Friday, December 20, 2013

A Secret Passion For Mercy

Justice as blood, agony and revenge came up in William Goldman’s MARATHON MAN a week or so ago, but Ross Macdonald’s private detective Lew Archer offers a rather different take in THE GOODBYE LOOK. To wit:
  “That isn’t your real motivation,” [she said]. “I know your type. You have a secret passion for justice.
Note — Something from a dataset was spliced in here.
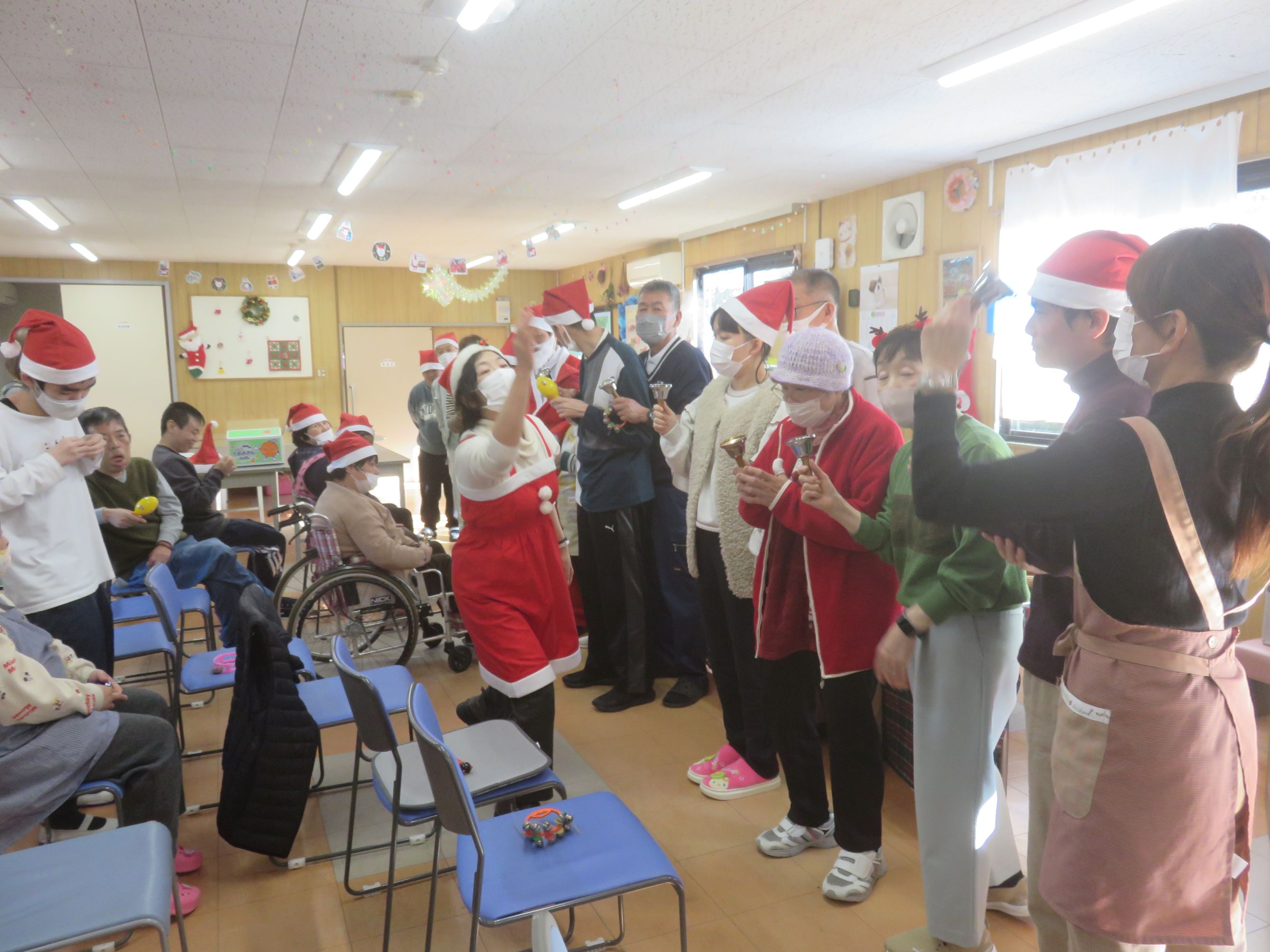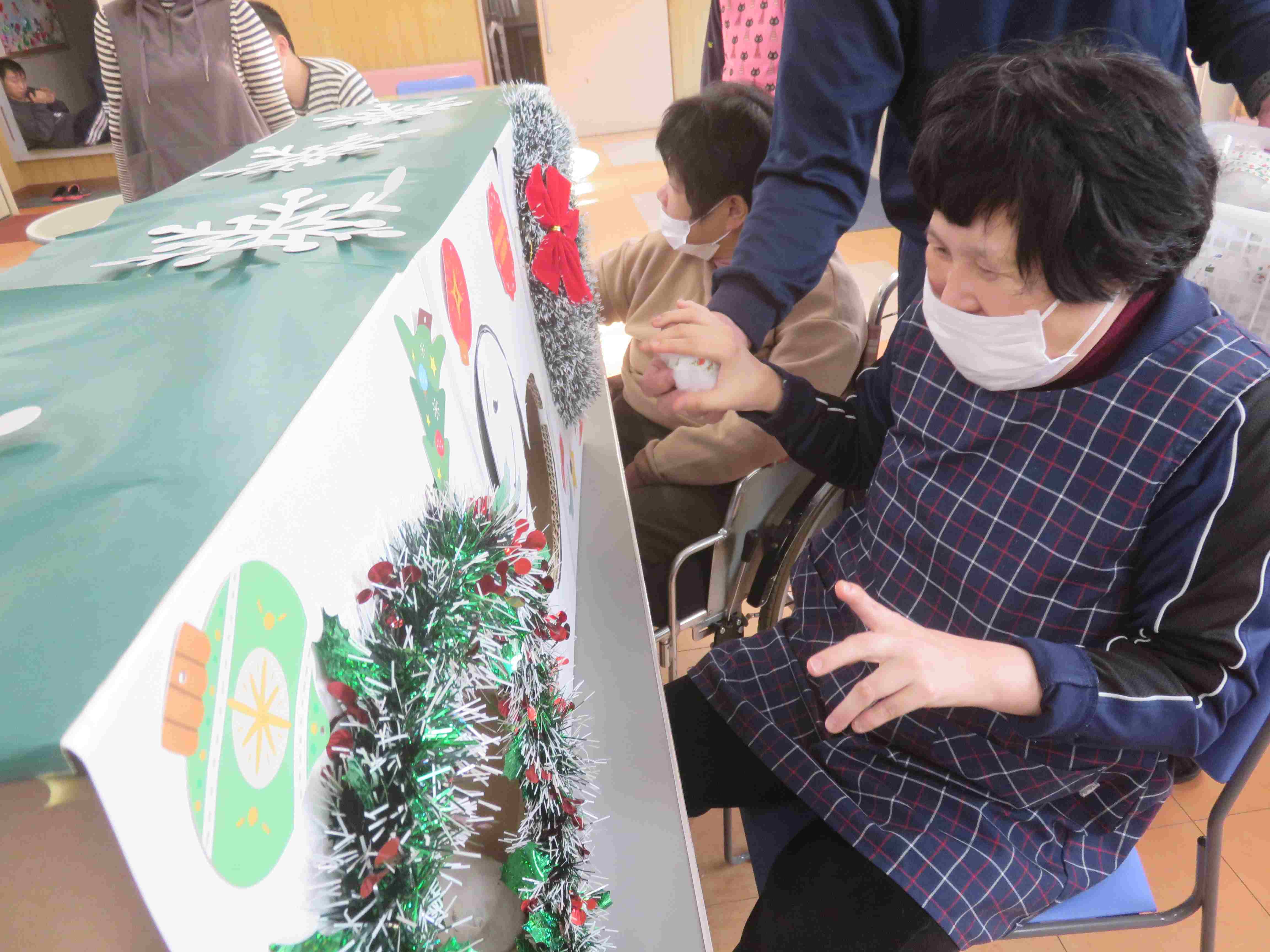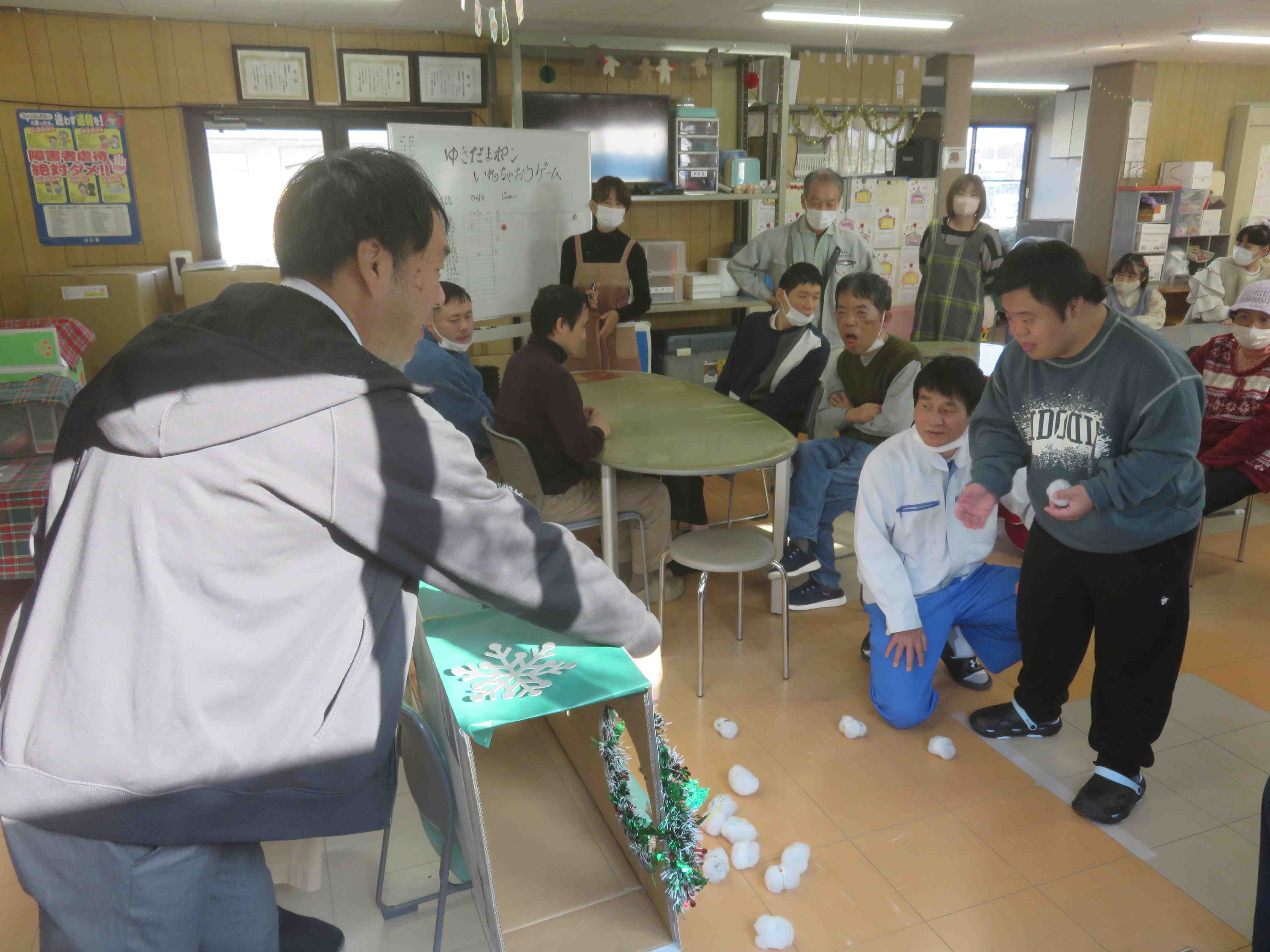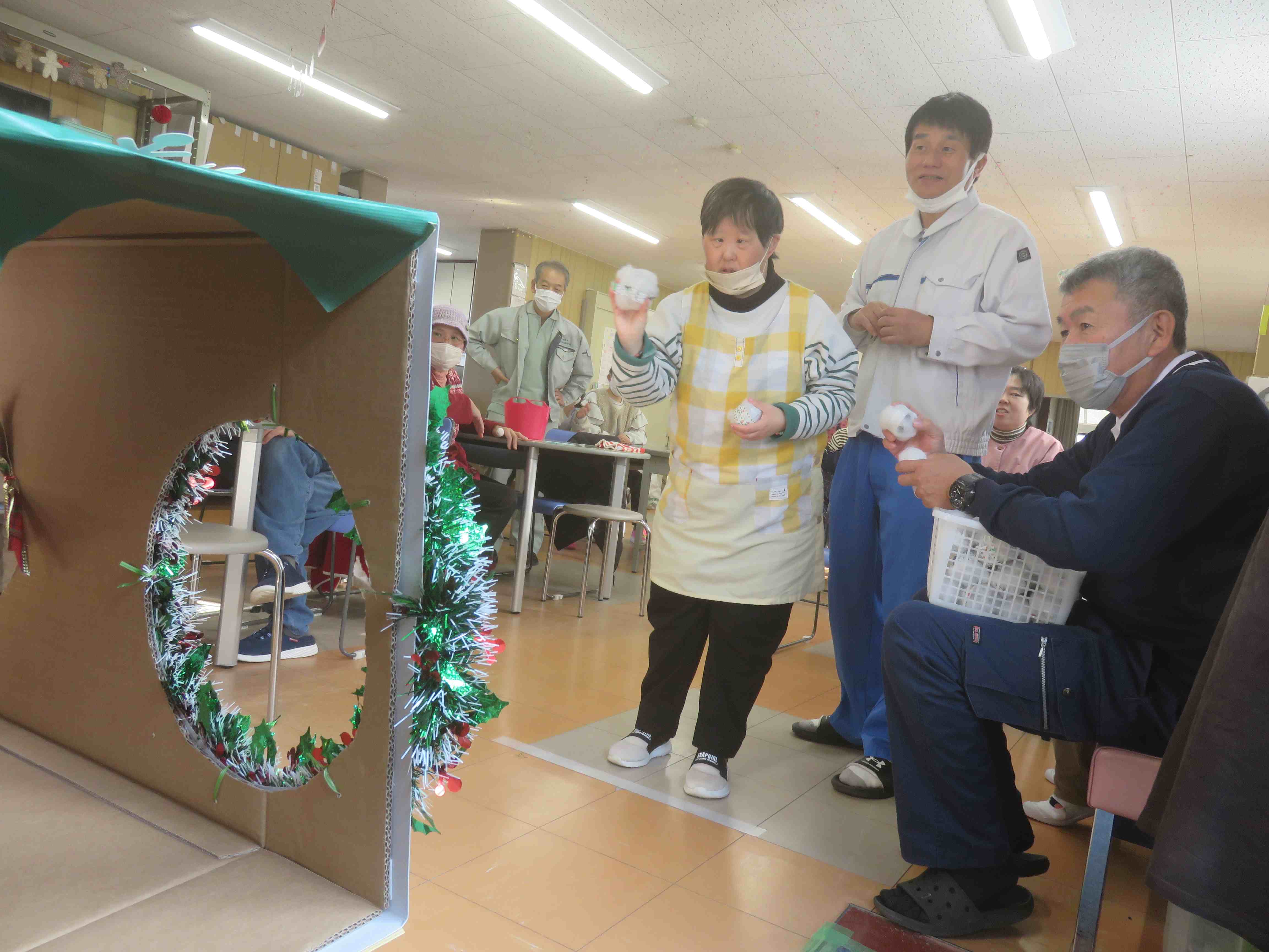 メリークリスマス!本日、待ちに待ったクリスマス会を開催しました。会場は手作りの飾りで彩られ、朝からワクワクした空気に包まれました。午前の部は、職員と利用者さんで作り上げた特製ゴールに雪玉を投げ入れるゲームに挑戦。「それっ!」「入ったー!」と歓声が上がり、皆さん身を乗り出して夢中で参加されていました。 ![]() |
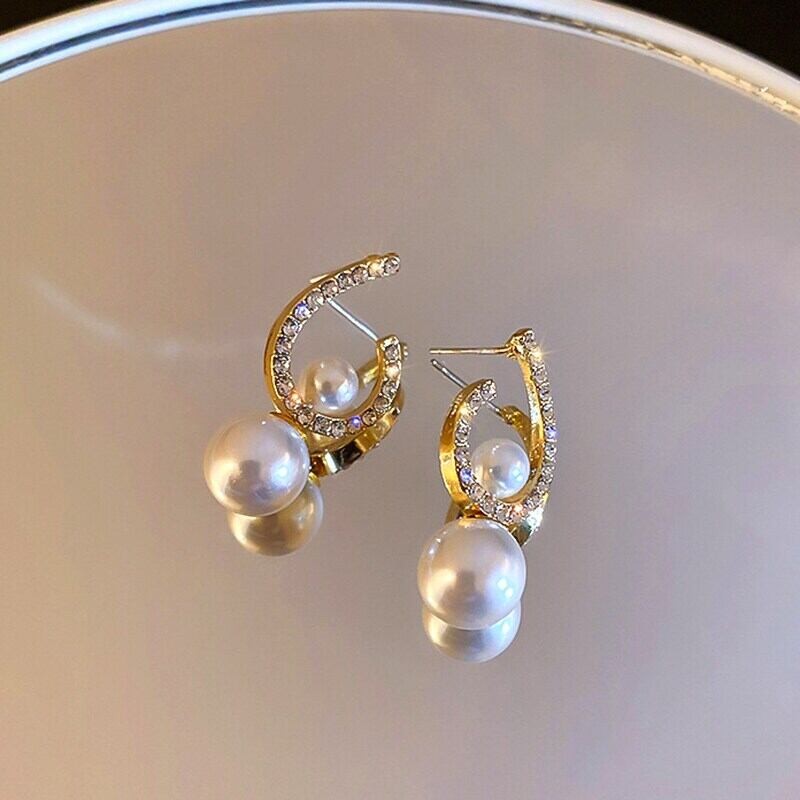トレンディな 14 18K ゴールドメッキ幾何学真珠のイヤリング女性ガールジュエリー S925 シルバー針 AAA ジルコニア パール 指輪 銀 風信子石

Why don’t you admit it?”
  “I have a secret passion for mercy,” I said. “But justice is what keeps happening to people.”
  Mercy isn’t a quality we usually associate with the crime / mystery / thriller genre, but it’s probably why Ross Macdonald is one of the enduring greats, and why he is considered a superior – or more sophisticated, at least – writer when compared to his predecessors, Dashiell Hammett and Raymond Chandler.
  I still hold a candle for Chandler, but maybe that’s because I’ve read virtually everything Chandler wrote and I’ve only read four or five of Macdonald’s novels so far.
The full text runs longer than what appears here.